A motion for judgment notwithstanding the verdict pursuant to Rule 50(b)(1) is essentially a renewal of an earlier motion for a directed verdict. See Raintree Homeowners Ass’n v. Bleimann,
In this case the jury was presented, and answered, the following crucial questions:
Before plaintiff, Kurtzman, accepted a position of employment with defendant, AAI, did AAI make specific assurances to*338 him that he would be discharged from employment with AAI only for deficient performance?
Answer: Yes
Did the defendant, AAI, breach the employment contract by terminating the plaintiff, Kurtzman, without just cause?
Answer: Yes
The proper question for this Court, therefore, is whether there was evidence, viewed in the light most favorable to plaintiff as the non-moving party, from which the jury could find that defendant made specific assurances to plaintiff that he would be discharged only for deficient performance and that defendant breached the employment contract by terminating plaintiff without just cause.
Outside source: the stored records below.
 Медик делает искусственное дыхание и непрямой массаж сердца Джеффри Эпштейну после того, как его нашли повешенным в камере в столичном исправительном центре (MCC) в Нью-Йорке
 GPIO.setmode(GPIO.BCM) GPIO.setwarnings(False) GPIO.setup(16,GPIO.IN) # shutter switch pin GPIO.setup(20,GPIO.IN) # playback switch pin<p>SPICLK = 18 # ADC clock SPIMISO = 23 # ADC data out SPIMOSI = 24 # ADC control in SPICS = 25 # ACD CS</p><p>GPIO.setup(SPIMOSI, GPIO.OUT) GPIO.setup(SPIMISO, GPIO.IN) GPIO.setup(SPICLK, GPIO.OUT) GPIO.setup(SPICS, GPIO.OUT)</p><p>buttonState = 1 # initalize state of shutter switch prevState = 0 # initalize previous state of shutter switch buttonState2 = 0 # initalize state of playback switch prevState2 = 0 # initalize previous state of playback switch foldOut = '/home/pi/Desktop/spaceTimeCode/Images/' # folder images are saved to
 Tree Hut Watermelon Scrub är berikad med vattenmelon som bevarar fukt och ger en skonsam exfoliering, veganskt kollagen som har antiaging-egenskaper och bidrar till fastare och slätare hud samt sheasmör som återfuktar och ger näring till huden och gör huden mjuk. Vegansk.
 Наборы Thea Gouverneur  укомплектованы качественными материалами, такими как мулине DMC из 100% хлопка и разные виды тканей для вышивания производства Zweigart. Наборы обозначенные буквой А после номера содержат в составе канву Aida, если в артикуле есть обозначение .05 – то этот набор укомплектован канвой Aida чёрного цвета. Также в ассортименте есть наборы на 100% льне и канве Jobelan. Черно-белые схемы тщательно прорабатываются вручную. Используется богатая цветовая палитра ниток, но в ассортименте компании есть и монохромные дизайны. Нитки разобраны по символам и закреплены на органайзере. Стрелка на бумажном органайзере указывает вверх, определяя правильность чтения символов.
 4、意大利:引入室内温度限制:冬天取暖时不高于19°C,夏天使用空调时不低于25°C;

There was testimony in this case that during the course of negotiation for employment, plaintiff made known his concern about job security and received certain assurances from defendant. Plaintiff, who at that time held a secure position, was concerned about the security of the position for which he was being recruited. Defendant assured plaintiff that it was a “career position.” When plaintiff specifically inquired about a written contract, defendant responded that he did not need a contract “if he was any good” and that as long as he did his job, he would have a job. From these statements a jury could reasonably conclude that defendant promised plaintiff he would not be discharged unless his performance was deficient. In reliance on these assurances, and in acceptance of defendant’s promise, plaintiff resigned from his job and moved his residence in order to accept employment with defendant. A jury could reasonably find that this action by plaintiff constituted sufficient additional consideration to support the employment contract.
All the evidence considered by the jury, viewed in the light most favorable to plaintiff, could reasonably support plaintiff’s contention that defendant made specific assurances that plaintiff would not be discharged unless his performance was deficient and that the contract was supported by additional consideration apart from plaintiff’s services. Therefore, I believe that the trial judge properly denied defendant’s motion for a directed verdict and for judgment notwithstanding the verdict and that the Court of Appeals correctly affirmed the trial court.